Will do...I'll have to wait about 24hrs though until BBS hatch. ^_^


----------



## fightergirl2710 (Jun 9, 2011)

*Waits patiently for cuteness explosion*


----------



## Hisaki Yuki001 (Jul 5, 2011)

fightergirl2710 said:


> *Waits patiently for cuteness explosion*


Here's so more pictures while you wait...lol! I couldn't resist...^__^

Her tank... She's in the upper left-hand corner:









She keeps staring at her reflection above her from the surface of the water..lol!


















And I know it has nothing to do with her, but this is my new divided 10 gallon. Tetsu is hiding in the second from the right section. He'll be active and trying to chase his reflection in about 2-3 hours, the little vampire. Right to left; Mr.Moto: Red Crown-tail, Indigo: Dark blue/Green HM Plakat. Tetsu: Multi-colored Giant HM Plakat, Icy: Matalic-White/Clear Delta Tail. I also have a Red Spade-tail Plakat named Rojo in a 3 gallon. I show pics of him in the future.



















Rojo: An older picture;


----------



## fightergirl2710 (Jun 9, 2011)

Wow, that's big tank for such a little girl lol! I like all the decor you have in for her, looks like a little playhouse 
Rojo looks like he should have been called Big Bubba lol! Ten gallon looks amazing =3


----------



## Hisaki Yuki001 (Jul 5, 2011)

fightergirl2710 said:


> Wow, that's big tank for such a little girl lol! I like all the decor you have in for her, looks like a little playhouse
> Rojo looks like he should have been called Big Bubba lol! Ten gallon looks amazing =3


Thankyou...^_^ I think that 2.5 she's in looks bigger than ever before now...lol! That's an awesome name for Rojo...LMAO! My Kim named him though...^_^ He looks so big in that pic for some reason. He usually looks so slender. you think he looks big though, Wait till I get a pic of Tetsu up, he's over 3inches long. He's the only reason why I wish I could have a bigger than ten gallon tank in this small apartment...lol! He seems happy though and that's all that matters.


----------



## fightergirl2710 (Jun 9, 2011)

Is Rojo a king betta? He definitely looks like one! And omg that's a 2.5, it looks like a 5 or a 10!! XD


----------



## Hisaki Yuki001 (Jul 5, 2011)

fightergirl2710 said:


> Is Rojo a king betta? He definitely looks like one! And omg that's a 2.5, it looks like a 5 or a 10!! XD


Actaully, I got him at my LFS; Pruess's Pets. They hand raise and Breed their Bettas, athough they don't do water changes everyday like they say. When we got him they said that when they got a new shipment in they accidentally breed them with a new Plakat because they don't usually carry or breed the strain. The other two Plakats I have are Kings though, and he's just as big as they are, aside from Tetsu of course. I think Petco's King are just their selection of the larger Plakats they have because their Kings are bigger than the Plakats they sell.


----------



## cajunamy (Apr 28, 2011)

yeah she's probably about 4-6 weeks. mine are on the smaller side, they should be bigger but it's my fault, i dont' water change as much as i should. i have bad tap water here and have to buy ro water for my spawn tanks and babies, so i only water change them once to twice a week. next week i'm getting a ro unit though so i can change whenever i need to.


----------



## Hisaki Yuki001 (Jul 5, 2011)

cajunamy said:


> yeah she's probably about 4-6 weeks. mine are on the smaller side, they should be bigger but it's my fault, i dont' water change as much as i should. i have bad tap water here and have to buy ro water for my spawn tanks and babies, so i only water change them once to twice a week. next week i'm getting a ro unit though so i can change whenever i need to.

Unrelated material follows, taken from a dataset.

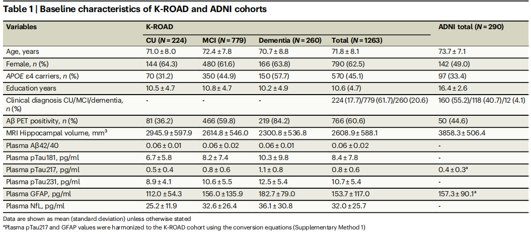 在痴呆阶段,年龄和 pTau217成为最强的预后预测因子,年龄≤60岁(早发性AD)的患者进展风险显著更高(如下图c)。pTau217在所有三个阶段(CU, MCI, 痴呆)都作为重要的预后判别因子,表明了其作为AD核心病理过程的可靠血液标志物价值。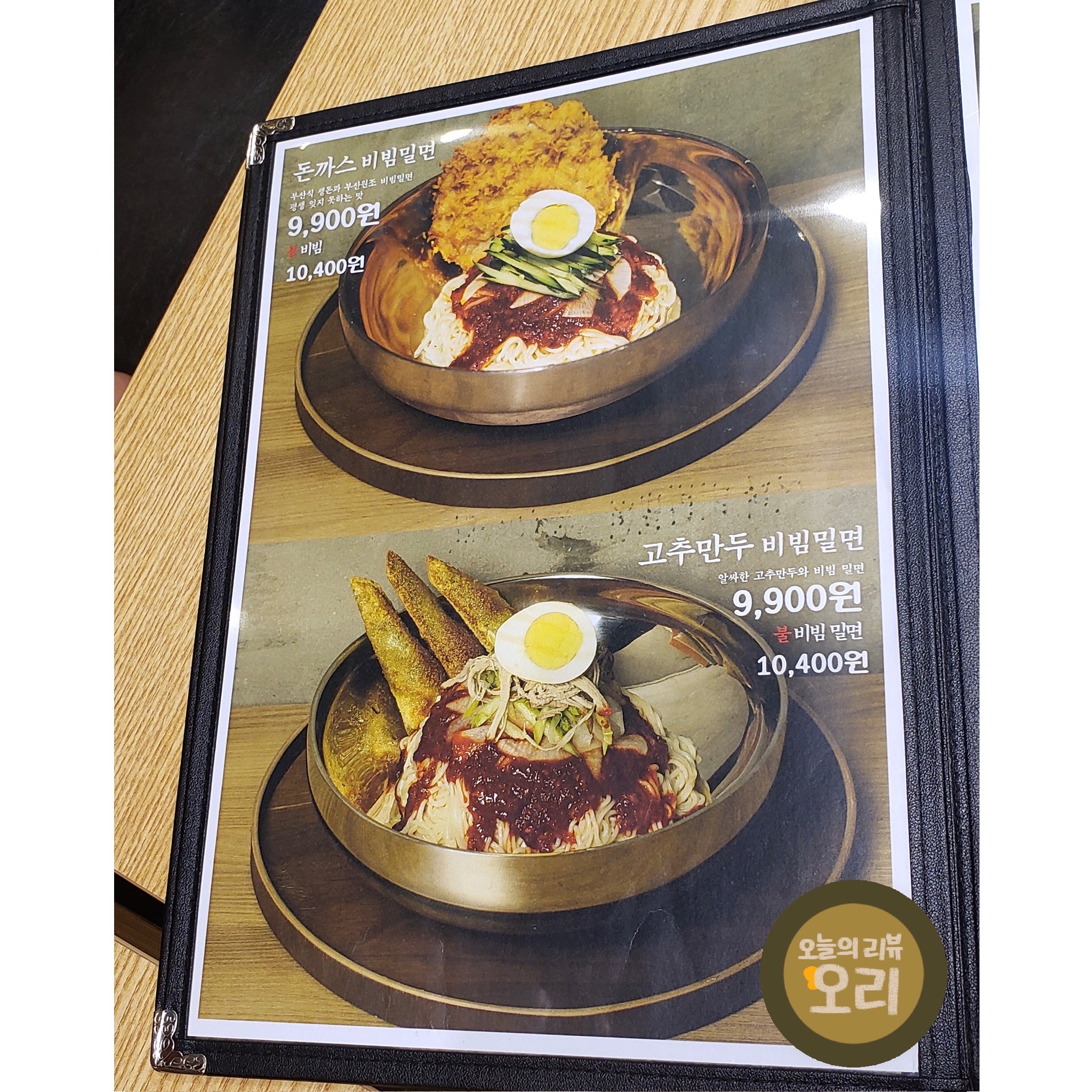 메뉴판의 메뉴가 많아 상당히 두꺼웠지만 저는 간단히 부산 원조 밀면과 고추만두 튀김을 주문했어요.

Yay! The BBS hatched, it's only been about 21 hours. I'm feeding her right now in her store cup so it doesn't make a mess in her tank. Anyways, she's gobbling the up! She's in little baby Betta hunting mood right now...soooo Cute! I'll post pictures of her once she's had her fill.

I have a question though. If she's actually a male, can they start blowing bubble-nests at 4-6 weeks? The reason why I asked is because it looks like she blew a few random bubbles around her tank last night. There's no nest, but just random tiny bubbles here and there.


----------



## Hisaki Yuki001 (Jul 5, 2011)

fightergirl2710 said:


> *Waits patiently for cuteness explosion*


Here they are...^_^ She's just been feed and is exploring her tank with more enthusiasm at the moment. She seems very content and relaxed now. ^_^

Her taking a gulp of air:









You can see right through her gills..lol!


----------



## fightergirl2710 (Jun 9, 2011)

She is so cute! Better lock up your tank, I can't promise I wont steal her XD


----------



## Hisaki Yuki001 (Jul 5, 2011)

fightergirl2710 said:


> She is so cute! Better lock up your tank, I can't promise I wont steal her XD


I know...lol!!! XD When I told my best friends about her today and the male I got as well, bringing the betta total to 6, they said I was obsessed and needed help..lol! I admit that i am obsessed, but at least they are all well cared for...LMAO! Bettas where and are nature's form of crack for the animal lover, I swear!


----------



## fightergirl2710 (Jun 9, 2011)

I know! If they didn't need heaters or have to be kept alone, I'd have hundreds lol!


----------



## Hisaki Yuki001 (Jul 5, 2011)

fightergirl2710 said:


> I know! If they didn't need heaters or have to be kept alone, I'd have hundreds lol!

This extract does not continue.